September 6, 2024 15 min read AI

How AI is Reshaping the World’s Data Systems

It seems every corner of our lives is starting to feel the “AI effect.” Virtually no industry is left untouched by AI’s growing influence. Yet, in one domain, AI’s irreversible impact is increasingly evident: the data infrastructure that fuels it. Western Digital talked with four experts working at the heart of AI’s hardware and software […]

Western Digital talked with four experts working at the heart of AI’s hardware and software revolution to understand AI’s impact on the future of data systems. In four interviews, they shared how AI is rewriting the rules of the data center.

Suddenly, AI was everywhere

For the last decade, AI has been largely imperceptible, concealed in practical technologies like navigation systems, recommendation engines, and industrial automation.

The introduction of ChatGPT—hailed as the fastest-growing consumer application in history—brought AI into our hands and into the spotlight. The sensation of turning any idea into an image by simply typing its description—e.g., a sea otter in the style of Girl with a Pearl Earring—was breathtaking. But before we even caught our breath, complicated tasks—coding, photo editing, predicting molecular structures—seemed to become as effortless as ordering a latte.

Certainly, AI is still not flawless and many have highlighted its potential risks, but it is no less a Promethean Moment, one where nothing will be the same after.

“We’re really seeing the transition from explicit programming to implicit programming, where you don’t necessarily need to be a computing expert to make something profoundly capable,” Robert Ober, chief platform architect of NVIDIA’s data center products, said in an interview.

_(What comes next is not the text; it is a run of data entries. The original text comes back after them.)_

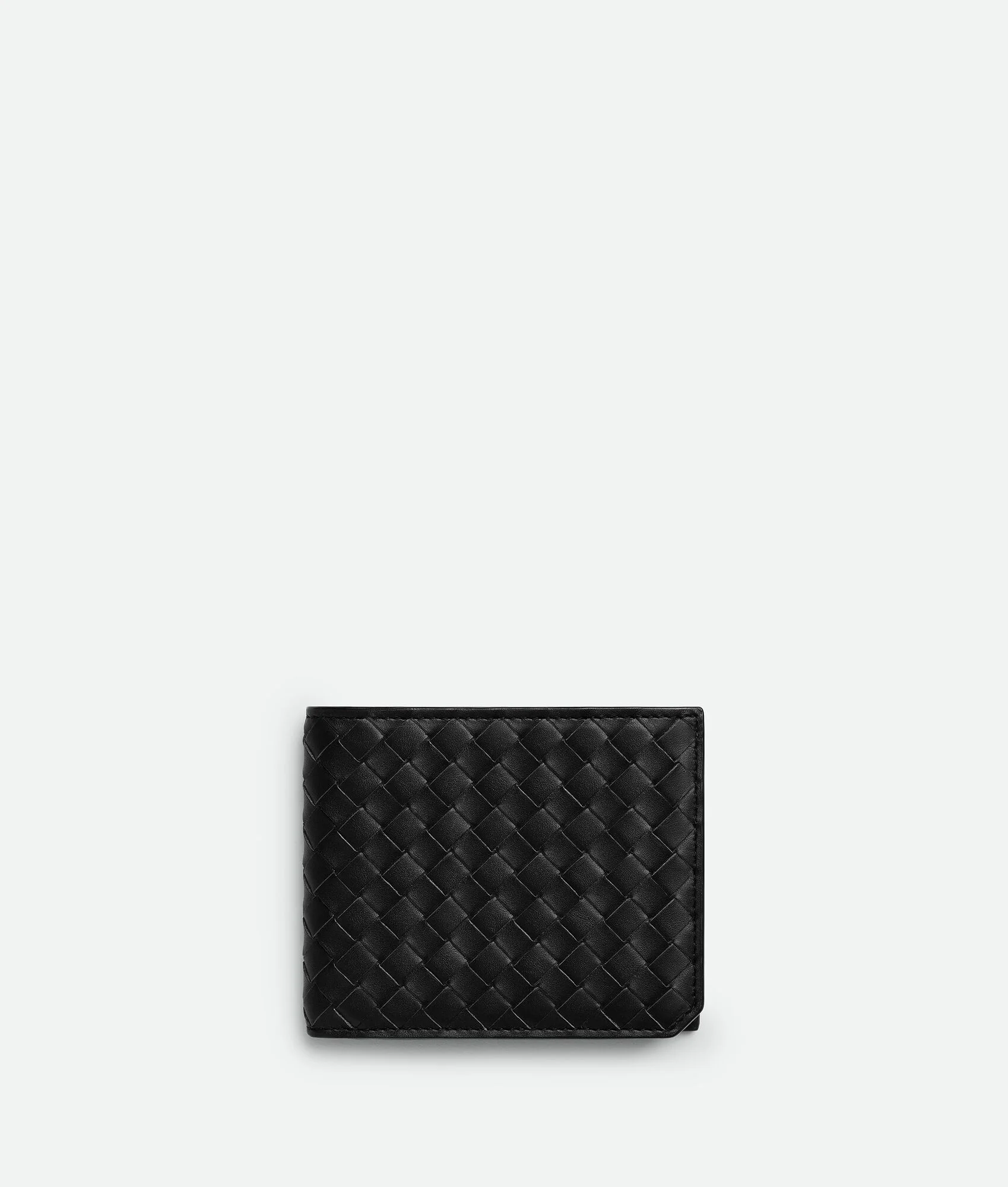 Intrecciato piccolo calfskin leather wallet. Product Details - Eight card slots, one note compartment, two additional pockets - Our VN Preserve calfskin leather is crafted using the BioBasedLeather® process, which ensures a limited presence of petrol-based components and exclusive reliance on renewable energy sources. - Material: calfskin - Lining: Calfskin - Color: Black - Hardware: Silver finish - Height: 9.5 cm | 3.7" - Width: 11 cm | 4.3" - Depth: 0.5 cm | 0.2" - Made in: Italy - Product code: 796966V4LQ28803
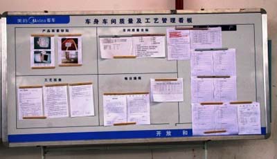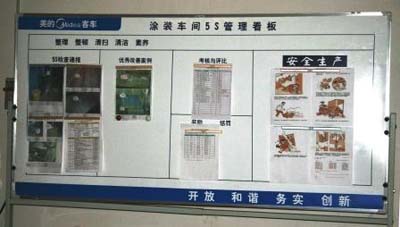在美的客車總裝車間里,首先映入記者眼簾的是一排排目視看板,與以前相比,目視看板多了很多?,F(xiàn)場人員告訴記者,這是公司進一步推行精益生產(chǎn)方式的成果。在車間參觀過程中,記者注意到,目視化看板上寫滿了精益生產(chǎn)方式和現(xiàn)場5S管理的要點、現(xiàn)場改善案例以及5S問題點改善數(shù)據(jù)記錄表;同時,整個車間雖然繁忙,但整齊有序,一點也不凌亂,而車間文化看板,讓人更多地感受到了美的對員工的人性化關(guān)注。
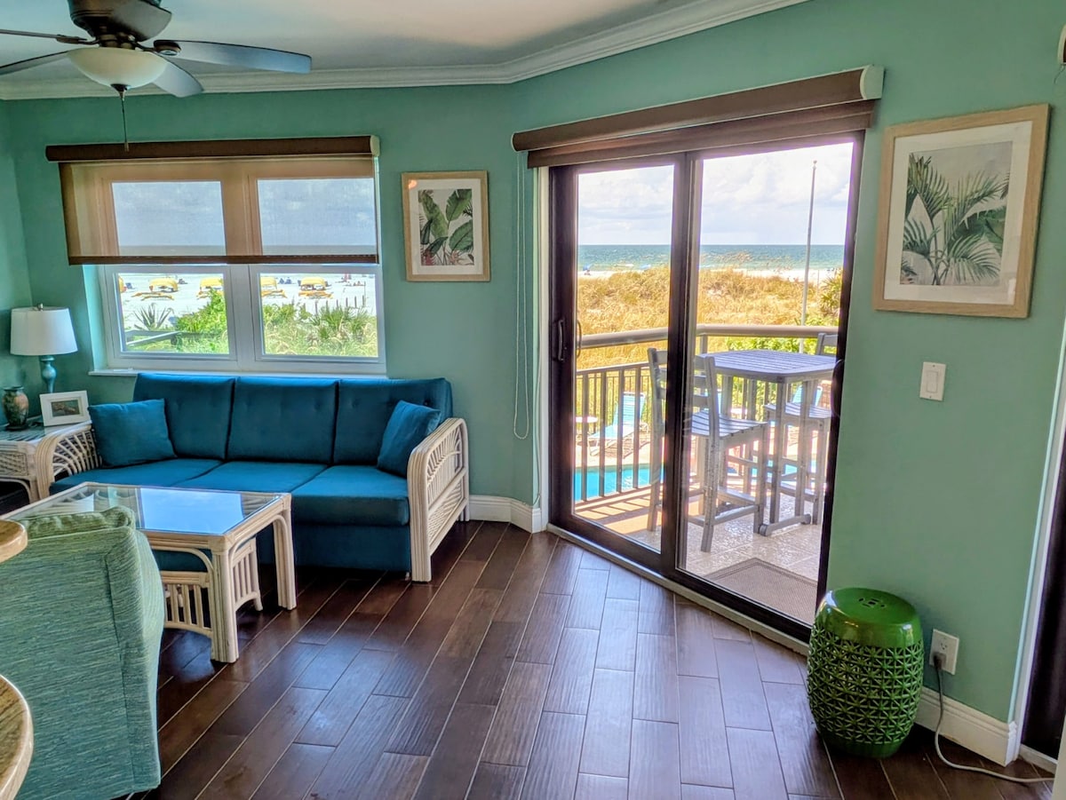 NEWLY FULLY RENOVATED breathtaking beachfront condo on private beach. Walking distance to bars, restaurants, live music and more! Brand new king size bed, high speed wi-fi, Smart TVs with cable/Netflix, heated swimming pool, BBQ/Grills, outdoor tables, showers, beachfront balcony, workspace and you are RIGHT on the beach! Short drive to TPA/PIE airports, Downtown St Pete, Dali Museum & more! The condo is fully equipped with everything you need and run by a Superhost for a perfect Beach vacation!

Ober, who has a background in processor architecture, joined NVIDIA nearly a decade ago. He saw what deep learning could do and believed it would change computer architecture forever. Yet even he admits that he dramatically underestimated AI’s impact.

“If earlier AIs were about identifying or recommending, what we’ve pivoted to very quietly is synthesis,” he said. “We’re able to create things—texts, mechanical design, new drugs, even processor architecture. We are in the baby steps of a whole new industrial revolution. Any place where there’s a processor, there will be AI. Everything we touch and everything we do is going to be impacted by AI.”

Nearly every week, a new headline is made about a new release of a model far more capable than its predecessor or a breakthrough in AI’s domain. It’s hard to keep pace, and even harder if you’re trying to build the hardware to support it.

Scaling like never before

At the heart of the AI revolution, deep under the hood of its machines, are GPUs, whose architecture perfectly suits the matrix-heavy functions required by neural networks. Over the past decade, GPU clusters steadily grew from the tens to the hundreds and into the thousands, establishing themselves as the computational backbone of modern AI.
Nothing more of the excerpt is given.